I remember the early 1980s, when the country was struggling through an economic slump and President Reagan tried to put some positive spin on the situation by holding up a newspaper in front of reporters and displaying the "help wanted" ads. He was trying to show that plenty of jobs were available and what Americans needed to do was grab their bootstraps and stop believing the doom and gloom attitudes of liberal politicians and the news media.
It was a classic Reagan gesture, simple and visually compelling. You need a job? Look here, look at all these employers who need help right now! It definitely resonated with me because I've been scanning the employment ads for years just to see what sort of workplace opportunities popped up as the economy rolled along, or didn't.
It was a hobby that usually took about five or ten minutes. Until last summer, the "Employment- General" section of my local daily, The Oregonian, took up about 10 to 12 pages. In the March 22nd issue, it was down to slightly more than one page. Blink and you might miss it altogether.
The 'N' section used to have five or six openings each weekend for "newspaper delivery." Those jobs aren't for kids anymore. Grown-ups in cars drive around in the pre-dawn hours, the delivery areas are vast, and right now all those carriers seem to be holding onto their routes with an iron grip. The only N-business seeking help in last Sunday's paper was a local nursery.
The ads for "Computer, High Tech, Financial, Insurance, Health Care, and Social Services" filled about three-quarters of an additional page.
Part of the classified section that HAS expanded is "Cheap Stuff." A lot of people now are trying to pull in a few extra dollars by selling items they might have taken to the Goodwill or dumped into a re-cycling can in better times. One ad that caught my attention was offering empty egg cartons, 36 of them for 5-cents each, along with a coffee table for two dollars.
Where are the business growth areas when the economy gets this bad? I heard on NPR recently that fortune tellers around the country are reporting a big upswing in business. For me this is definitely not an option.
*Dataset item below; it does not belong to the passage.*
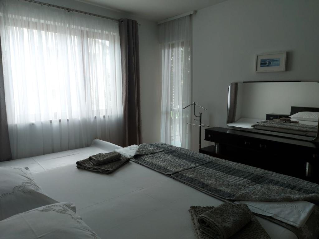 Mieszkanie o powierzchni 100 m2 znajdują się dwie przestronne sypialnie, dwie łazienki, kuchnia i pokój dzienny na odpoczynek. Mieszkanie posiada duży taras z grillem dla miłym towarzystwie. Są na parkingu w podwórzu. Goście witani są przez przyjaznych gospodarzy z drink powitalny.

I vividly recall predicting to friends many years ago that A) Kareem Abdul Jabbar (then known as Lew Alcindor) would be humiliated in the NBA once he faced off against great players like Bill Russell and B) wine coolers in bottles would never sell because it's easy to make those drinks at home.
You want to know what else seems to be booming? Or perhaps I should say boom-booming. I was perusing Craigslist not long ago when I scrolled down to the section labeled "Gigs," clicked on the word "adult," and discovered a world that brings a whole new meaning to the term "X Factor."
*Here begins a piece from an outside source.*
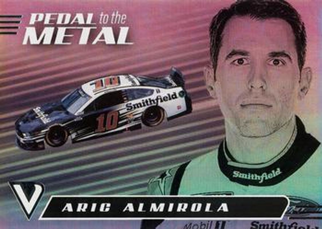 The Aric Almirola 2021 Chronicles NASCAR #18 Pedal to the Metal card is 1 of 86 Aric Almirola's card variations in the 2021 Chronicles NASCAR set being tracked by Sports Card Investor, including Absolute, Absolute Autographs, Chronicles Swatches, Cornerstones Materials Signatures, and Crusade.

Opportunities abound for anyone who wants to play Disrobing for Dollars. Some producer was seeking "Hot Girls for Shows." There were also listings that seemed to require basic business acumen ("Sexy personal assistant") and janitorial skills ("Topless Maid"). I was tempted to inquire about "Upscale Beautiful New Girls Needed (TOP PAY)." What is top pay in this field, and would a girl qualify if she was upscale but not new, or vice-versa?
That's something I'll leave for the television people to chase down. I'm giving you all you TV investigative reporters a free story idea here. "Porn in Times of Economic Peril." Your ratings during the May sweeps will go through the roof, and I won't even charge a finder's fee.
For the moment, I'm still looking at the "Cheap Stuff" section from last Sunday's paper and those 36 egg cartons for sale. If the companies that make paper containers all go bankrupt and shut down, empty ones that haven't been thrown away might become really valuable.
Should I throw caution to the wind and risk $1.80 on egg carton futures? Any investors out there want to join me?